Um estudante brasileiro de 17 anos integrou a equipe vencedora da International Space Settlement Design Competition (ISSDC), competição internacional de engenharia aeroespacial realizada nos Estados Unidos. Eduardo Taliberti Salvio participou, ao lado de outros 7 brasileiros e estudantes de diferentes países, do desenvolvimento da Hermes, uma nave conceitual projetada para transportar até 3 mil pessoas entre assentamentos do Sistema Solar interior.
A final reuniu 238 estudantes de 16 países. Durante aproximadamente 48 horas, os participantes foram divididos em companhias aeroespaciais fictícias e precisaram desenvolver uma proposta completa, considerando aspectos como estrutura, operações, automação, fatores humanos e custos.
A equipe formada pelos brasileiros e estudantes estrangeiros recebeu o nome de Rockdonell. O projeto Hermes foi escolhido como a melhor proposta da edição de 2026, garantindo a medalha de ouro aos 8 brasileiros que participaram da equipe vencedora.
Projeto começou com uma colônia em Vênus
A participação brasileira na competição começou meses antes da final. Para conquistar a classificação, estudantes da Astrabrazil desenvolveram o V02, conceito de expansão de uma colônia flutuante na atmosfera de Vênus.
A proposta considera sistemas automatizados para uma estrutura localizada nas camadas superiores da atmosfera venusiana. A ideia se relaciona a estudos que analisam a possibilidade de utilizar habitats aerostáticos em altitudes de aproximadamente 50 quilômetros, onde as condições de pressão e temperatura são menos extremas do que na superfície do planeta.
Cinco integrantes do grupo — Catharina Mercaldi, Davi Rothenberg, Gustavo Luz, Luiza Dell Amore e Rafael Mayo — cursavam o 3º ano do Ensino Médio no Colégio Bandeirantes. Juliana Frota, Guilherme Hadid e Eduardo Taliberti Salvio completavam a equipe brasileira.
Engenharia sob pressão
Na etapa final, os estudantes precisaram transformar conceitos de ficção científica em um projeto técnico em prazo extremamente curto. A Rockdonell reuniu participantes do Brasil, África do Sul, Austrália, China, Reino Unido e Estados Unidos.

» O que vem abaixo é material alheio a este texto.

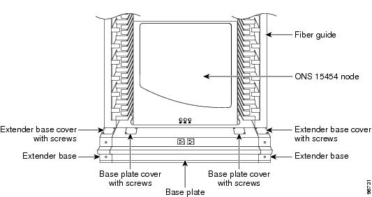 The 15454 Bay Extender Kit provides rear cable protection, additional cable management space and includes a 2.38-inch vertical extender (Figure 32) and extender base (Figure 33 and Figure 34).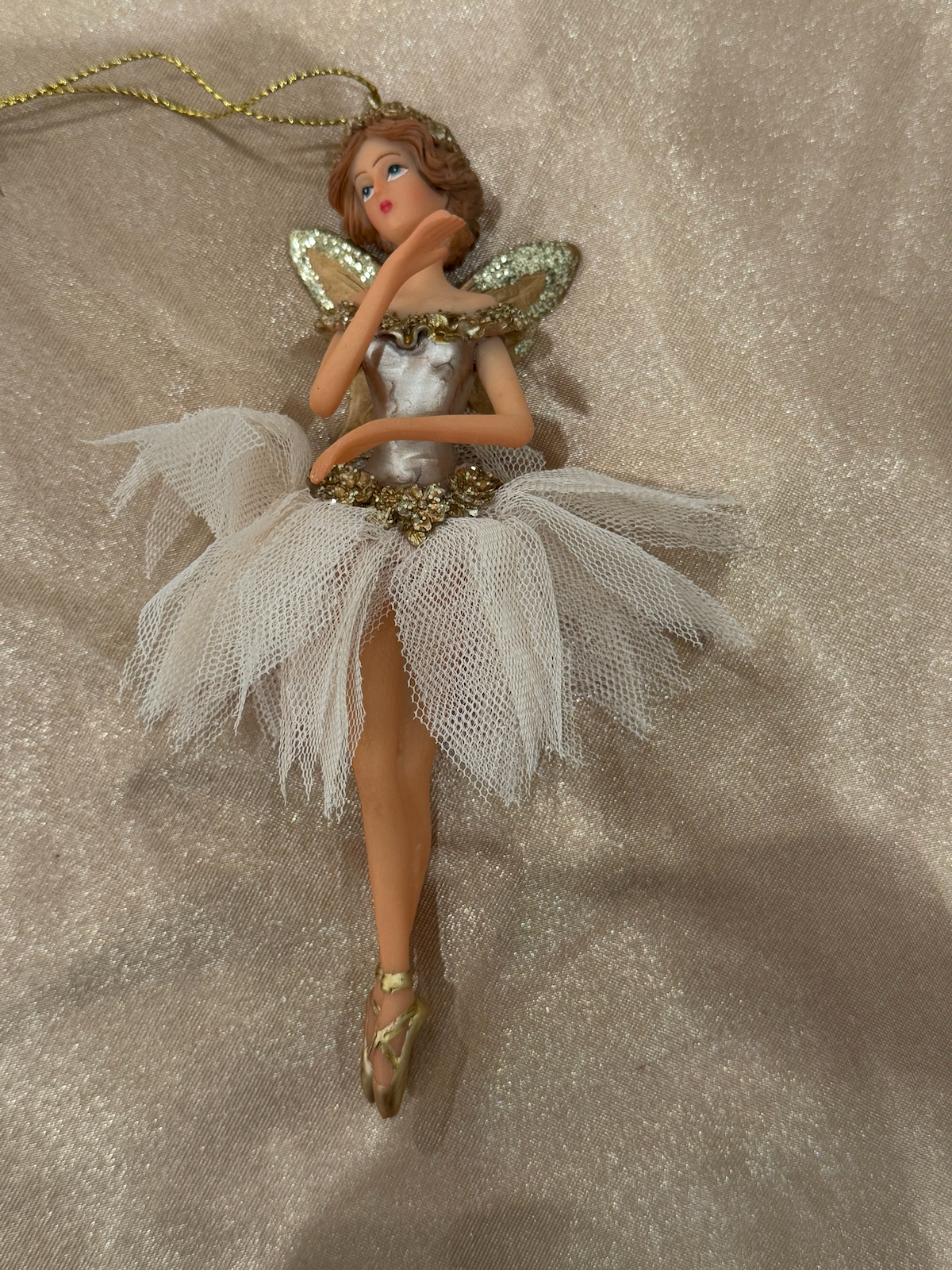 A delicate ballerina fairy ornament featuring a figure in a white tutu with gold glitter accents and small golden wings. The ballerina has auburn hair and is posed in a graceful sitting position with one hand to her face. She wears pointe shoes and her tutu is made of real tulle netting with sparkle details. Box is labeled “MAINE 2018 Jenna’s Ballerina.”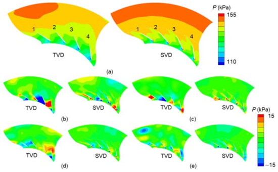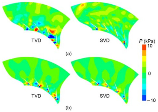 - The POD and DMD analysis show that the amplitude of pressure fluctuations at the selected cross-section of TVD is higher than that of SVD under the same operating condition. The spatial distribution of the pressure field in the diffuser passages demonstrates that the large-scale flow structure almost blocks the part of diffuser passages, which is also a primary reason for the diffuser stall. Therefore, SVD can improve the stability and performance of the compressor stage when compared to TVD.
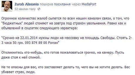 Також існують оголошення про платну масовку на цьому мітингу, за участь в акції обіцяють заплатити 50 гривень за 2-3 години.
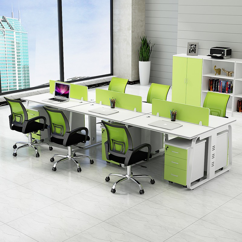 사무실 스크린 플레이트 사다리꼴 프레임 직원 책상 4 6 인 재고 도매 컴퓨터 책상스토어 가기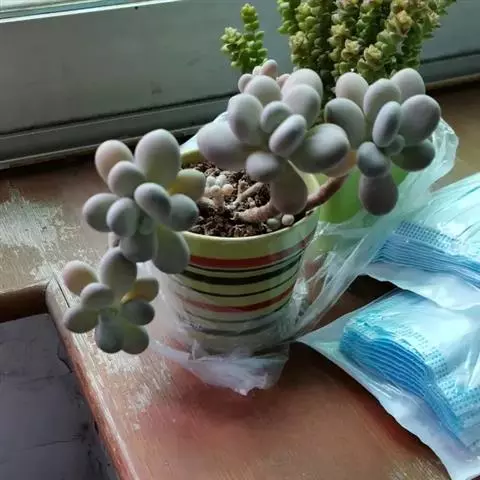 蓝豆是景天科、风车草属的多年生植物,多肉植物。植株叶片覆白粉,呈淡蓝色,…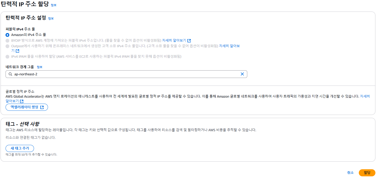 우측 상단의 탄력적 IP 주소 할당 클릭!
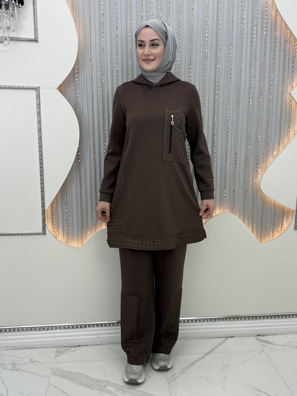 Pantolon etek ucu kapitone detaylıdır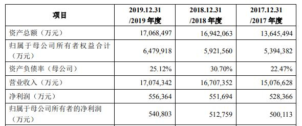 益海嘉里招股书显示,2017年至2019年,益海嘉里的营业收入分别为1507.66亿元、1670.74亿元和1707.43亿元,分别同比下滑12.94%、10.82%和2.20%;归母净利润分别为50.01亿元、51.28亿元、54.08亿元。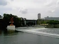 The Century Center Convention Center, designed by architects Philip Johnson and John Burgee, broke construction in 1974 and opened in 1977, has been managed by SMG since July, 2013. The center, built on the banks of the West Race canal, overlooks the St. Joseph River in downtown South Bend, Indiana, United States. It features over 75,000 sq ft (7,000 m2). of convention space and is home to Island Park, an 11-acre (45,000 m2) riverfront park attached to the convention center via a cross walk over the West Race canal.

A Hermes foi concebida para realizar o transporte de até 3 mil moradores entre diferentes assentamentos do Sistema Solar interior. Para isso, os estudantes precisaram definir não apenas as características da nave, mas também como ela seria operada e quanto custaria.
Segundo Eduardo Taliberti Salvio, a experiência mostrou que um dos maiores desafios da engenharia está na coordenação entre pessoas e áreas diferentes, e não apenas nos cálculos.
A ISSDC busca justamente reproduzir esse ambiente de pressão. A competição é organizada pela Aerospace Education Competitions e reúne estudantes do ensino médio em equipes que funcionam como empresas aeroespaciais fictícias.
Embora conte com apoio da NASA e tenha parte da programação realizada no Kennedy Space Center Visitor Complex, a competição não é organizada pela agência espacial americana.
Ideias que podem antecipar a exploração espacial
Projetos como a Hermes são conceituais e não representam uma nave pronta para construção. Ainda assim, a competição coloca estudantes em contato com problemas semelhantes aos enfrentados pela engenharia aeroespacial: transporte de grandes populações, infraestrutura, automação, segurança, custos e organização de habitats fora da Terra.
A trajetória dos brasileiros também mostra como competições educacionais podem servir como porta de entrada para áreas de alta complexidade tecnológica. Antes de chegar à final nos Estados Unidos, o grupo trabalhou com um conceito de colonização de Vênus e depois participou de uma equipe internacional responsável por projetar uma nave para milhares de passageiros.
Fonte: Agência Correio; Aerospace Education Competitions; NASA.